Шмерла попадали камни, брошенные известными личностями.
Опять-таки: хотя он ни к кому из жителей местечка не обращался за помощью, так как дела, которые он вел с помещиком, шли хорошо, а другим к его помощи прибегать приходилось, причем они никогда отказа не встречали; хотя его доброту нередко использовали в своих целях те, кто к празднику готовил камень для его окон, а Шмерл, зная об этом или, во всяком случае, догадываясь, притворялся, будто ни о чем не подозревал, дабы не пристыдить нуждающегося, — несмотря на все это, жители местечка продолжали брать у него взаймы, прибегать в трудную минуту к его помощи лично для себя или для всех соседей.

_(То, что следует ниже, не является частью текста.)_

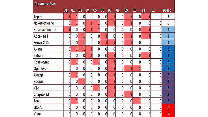 Пенальти. Тут вообще достаточно долгое время без изменений: в матчах Терека и Локомотива чаще всего назначались пенальти - по 5, а вот в играх с участием Урала и ЦСКА одиннадцатиметровых не было. Я лично дважды в этом сезоне поймал Локомотив. Думаю, что именно на них и есть резон ставить чаще других.

Но в том, что касается известных строгостей и обрядов, соблюдение которых считалось чрезвычайно важным, то в этом Шмерлу спуску не давали.
Даже когда Шмерл намеревался женить своего единственного сына, которого он очень любил и с которым они жили душа в душу, то жители не только не пожелали с ним породниться, но распустили о нем недобрую молву по всей окрестности, чтобы ни ближние, ни дальние деревни не соглашались выдавать за него своих невест, и Шмерл был вынужден искать невесту для своего сына за границей!
Тогда Шмерл обратился к Лузи, решил поговорить с ним и доказать, что все выдвигаемые против него обвинения ничего не стоят, что своим отклонением от якобы общепринятых норм поведения он не затрагивает никаких, даже самых мелких, частностей вероучения, а то, что оказывается затронутым, по его мнению, — всего лишь паутина, скопившаяся в темном углу… Доказательством может послужить хотя бы то, что известные авторитеты согласны с ним, так как речь и в самом деле идет о мелочах, о вещах спорных, во всяком случае — не о таких, за которые следует со свету сживать, как, например, обычай «капорес», против которого возражает и ребе Шломо Клугер…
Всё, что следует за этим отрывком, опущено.